Exercise:
From the entries below, output the line with "1/20(二)12月份愛心團購送達嘉義-侯鄭金釵愛媽" and each following line up to and including the line with "2.通过1,3,5-三溴苯和苯合成2,6-二溴联苯,收率约14%;", exactly as written.
───── Working data ─────
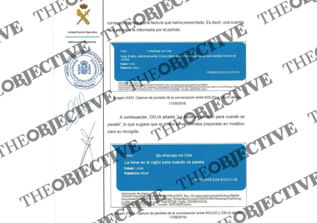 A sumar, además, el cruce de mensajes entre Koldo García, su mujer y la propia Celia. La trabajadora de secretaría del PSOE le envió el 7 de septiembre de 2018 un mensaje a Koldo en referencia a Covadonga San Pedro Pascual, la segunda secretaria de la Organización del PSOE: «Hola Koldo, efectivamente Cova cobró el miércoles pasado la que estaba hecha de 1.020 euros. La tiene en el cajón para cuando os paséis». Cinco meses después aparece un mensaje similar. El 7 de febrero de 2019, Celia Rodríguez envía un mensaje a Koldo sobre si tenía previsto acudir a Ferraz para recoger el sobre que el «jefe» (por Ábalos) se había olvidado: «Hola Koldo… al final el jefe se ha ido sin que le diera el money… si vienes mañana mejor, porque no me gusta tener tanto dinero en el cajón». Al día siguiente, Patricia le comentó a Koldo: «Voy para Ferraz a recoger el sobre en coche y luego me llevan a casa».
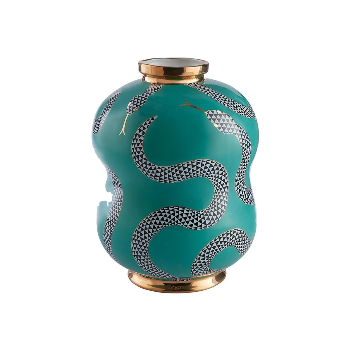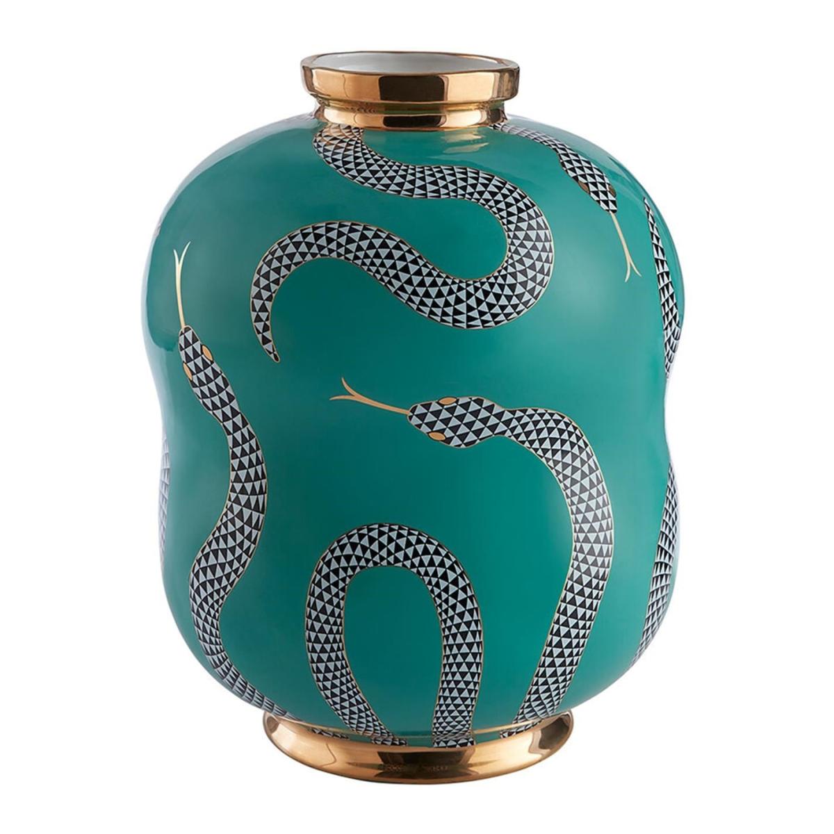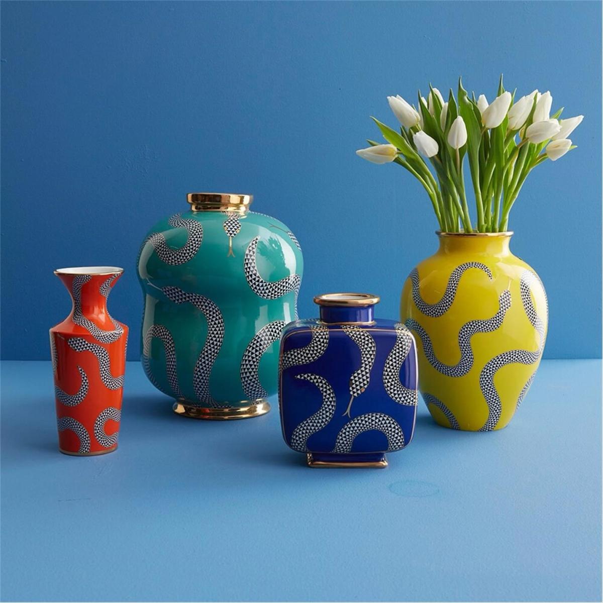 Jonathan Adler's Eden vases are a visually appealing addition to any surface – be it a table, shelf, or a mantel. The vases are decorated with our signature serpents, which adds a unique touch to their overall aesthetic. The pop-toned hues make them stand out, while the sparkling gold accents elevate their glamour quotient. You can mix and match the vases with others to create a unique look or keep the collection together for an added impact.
─────
───── Working data ─────
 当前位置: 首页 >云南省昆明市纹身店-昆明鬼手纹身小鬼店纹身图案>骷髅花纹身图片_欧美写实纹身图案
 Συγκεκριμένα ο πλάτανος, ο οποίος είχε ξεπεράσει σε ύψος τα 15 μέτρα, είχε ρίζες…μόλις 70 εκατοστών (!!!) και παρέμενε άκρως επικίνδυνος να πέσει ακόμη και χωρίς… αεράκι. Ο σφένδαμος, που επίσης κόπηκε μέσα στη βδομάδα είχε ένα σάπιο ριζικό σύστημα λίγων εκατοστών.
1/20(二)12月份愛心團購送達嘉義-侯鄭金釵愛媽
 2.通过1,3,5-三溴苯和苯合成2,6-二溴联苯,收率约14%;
─────
Response area:
1/20(二)12月份愛心團購送達嘉義-侯鄭金釵愛媽
 2.通过1,3,5-三溴苯和苯合成2,6-二溴联苯,收率约14%;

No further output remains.